Главная | Обратная связь | Поможем написать вашу работу!
МегаЛекции

{150} Заключение




«Вы, конечно, помните замечательную андерсеновскую сказку о “Снежной королеве”. Дьявол разбил зеркало, и каждому из нас попало в глаз по осколку, — поэтому всякий видит мир и жизнь по-своему. < …> Евреинову угодило в глаз увеличительное стекло. Все предметы принимают у него гиперболические формы. < …> Как от прикосновения короля Мидаса все предметы превращались в золото, так от взгляда Евреинова все вырастает до гиперболических размеров»[383]. Таким образом, метко, хотя и язвительно охарактеризовал художественное мировоззрение Евреинова его современник Г. К. Крыжицкий.

Не только в 1920‑ е годы, но порой и сегодня театрально-теоретические манифестации Евреинова воспринимаются либо как утопические «гиперболы», либо как скандально-эпатирующие выходки известного парадоксалиста и насмешника. Действительно, он преуспел в теоретическом эпатаже и добился «интенсивнейшего» восприятия своих текстов (чего ему часто не удавалось достичь в режиссерском творчестве). Автор ярких теоретических прозрений, он насыщал свои тексты огромным количеством парадоксально плоских и примитивных примеров театрализации жизни. А в 1920‑ е, в унисон с «позитивистскими» требованиями эпохи, свел функцию театра к сугубо прикладной, объявив его «лечебницей неврозов» («Театротерапия») и нравственно-исправительным учреждением («Самое главное»).
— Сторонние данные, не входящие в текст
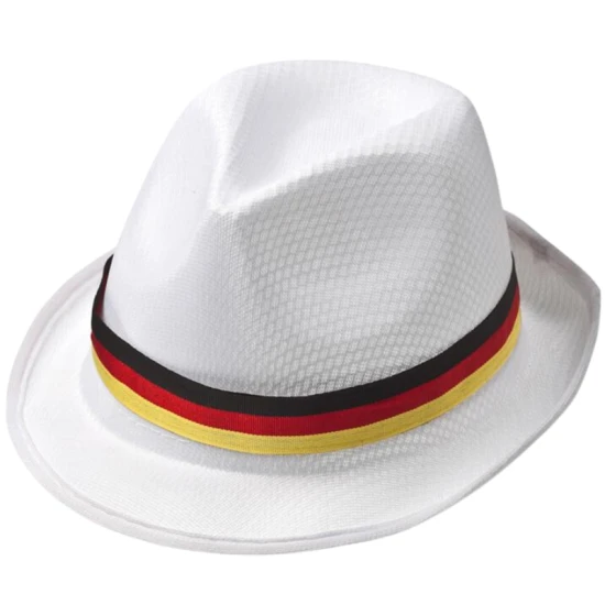 Deze stijlvolle zomerhoed is jouw perfecte metgezel op zonnige dagen, of je nu juicht bij een sportevenement, geniet van een tuinfeest of door de stad wandelt. Verkrijgbaar in klassiek wit of elegant zwart, combineert deze hoed stijl en functionaliteit in perfecte harmonie. De smalle rand voegt een vleugje ingetogen elegantie toe, terwijl de verzonken grip niet alleen het ontwerp versterkt, maar ook zorgt voor een stevige houvast. Gemaakt van licht en ademend materiaal, biedt deze hoed uitzonderlijk comfort – zelfs op de heetste zomerdagen. Een opvallend kenmerk is het polyester lint met zwarte, rode en gele strepen, dat eenvoudig met een klittenbandsluiting aan de hoed kan worden bevestigd. Geef je look een persoonlijke touch of toon je steun voor je favoriete team met dit stijlvolle accessoire.

{151} Но недовольство Евреинова современным театром было глубоким и неподдельным. Обращаясь к сценическому искусству далекого прошлого, он, в отличие от Мейерхольда или Таирова, не искал совершенствования актерской техники, а стремился акцентировать внимание на той роли, которую играл театр в жизни античного или средневекового человека. Евреиновские представления о том, что такое «театр» и каково его предназначение, намного опередили свое время.

Натуралистически-психологический театр и его зрителя он уподоблял обывателю, самодовольно вглядывающемуся в зеркало, отражающее его пошлую, ограниченную сущность. «Плебей, большей частью, ничего не видит далее известного круга житейских интересов, борьба которых, всевозможные конфликты их и нравоучения по этому поводу, рядом с вышучиванием всего вражеского плебейству, только и могут служить привлекательной темой в мещанском театре»[384].

Но и тот театр, который мы называем условным или поэтическим, не устраивал его — по способу воздействия на зрителя. Уже в «Апологии театральности» (1908) Евреинов заявил, что символистский театр не стоит на линии интенсивнейшего зрительного восприятия, и тем самым дал понять, что художественного впечатления ему как зрителю недостаточно.

На протяжении шестнадцати лет (1908 – 1924) евреиновская концепция театральности претерпела существенные изменения. Идея преображения театром души человека, воспринятая из воззрений теургов и легшая в основу концепции театральности, определяла сущность и цель «теоретического театра» Евреинова на всех этапах его развития. Театральное преображение, по Евреинову, не есть просто актерское перевоплощение. Оно мыслится как безусловный, реальный, всесокрушительный процесс, перестраивающий не только психику, но и судьбу человека-актера, человека-зрителя. Начав с толкования театральности как преображения по законам красоты («Апология театральности»), развив ее в свободное волевое устремление человека-творца, преображающегося {152} и преображающего мир по собственной прихоти и усмотрению («Театр как таковой»), Евреинов пришел к идее врачевания театром тела и души человека («Театротерапия»). Преображение, объявленное окончательным и необратимым, стало «преобращением» («Самое главное»).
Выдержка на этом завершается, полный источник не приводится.